Promoted to major general in 1900, he held numerous staff positions within the Imperial Japanese Army General Staff pertaining to field artillery. He was also briefly assigned to the staff of the Japanese embassy in Seoul, Korea in 1903. With the start of the Russo-Japanese War, he was assigned as Chief of staff to General Nogi Maresuke’s Third Army, in charge of the operation against the Imperial Russian stronghold of Port Arthur during the Siege of Port Arthur. There were several reasons for his choice: Ijichi had wide experience with foreign tactics from his years overseas, spoke several languages fluently and could interface with foreign military observers.
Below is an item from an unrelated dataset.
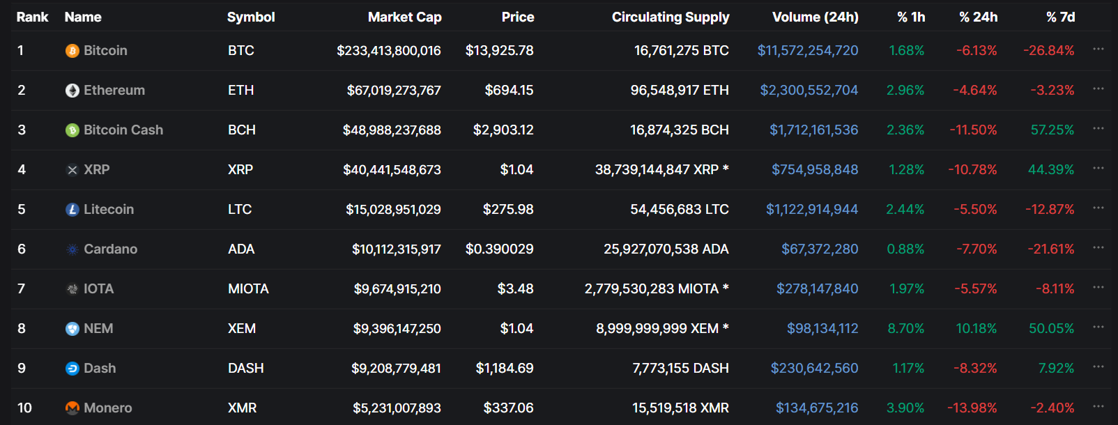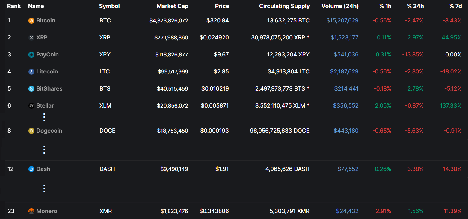 O rok neskôr už bol Bitcoin o 50% nižšie. Obchodoval sa za cca 320 $ a stále hľadal dno. To mimochodom našiel až o pol roka neskôr. Litecoin sa prepadol na štvrté miesto a stratil 80% hodnoty. Na vyšších miestach sa objavili anonymné coiny ako Dash či Monero.

He was also a specialist in artillery. And furthermore, his Satsuma background provided for a balance to Nogi's Chōshū origins, which was thought necessary in an army still divided by regional loyalties. However, Ijichi clashed with Nogi on several occasions during the Port Arthur campaign over the extremely high rate of casualties the Japanese forces were taking, and the long months without appreciable progress against the heavily fortified Russian positions. The Japanese command blamed Ijichi, rather than Nogi, for incompetence, and for continuing to order ineffective human wave attacks against Russian positions. Marshall Yamagata Aritomo, on the General Staff of the Manchurian Army pushed strongly to have Ijichi replaced by General Kodama Gentarō. Due to these issues, Nogi replaced him as chief of staff after the fall of Port Arthur, and refused him a position in the 3rd Army at the Battle of Mukden, reassigning him back to the Japanese home islands to assume command of the coastal artillery at Tokyo Bay.

After the war, Ijichi was promoted to lieutenant general and given the rank of danshaku (baron) in the kazoku peerage in 1907. He attempted to resign, citing health reasons; however, he was persuaded to stay on as commander of the IJA 11th Division until 1908. He retired in 1913.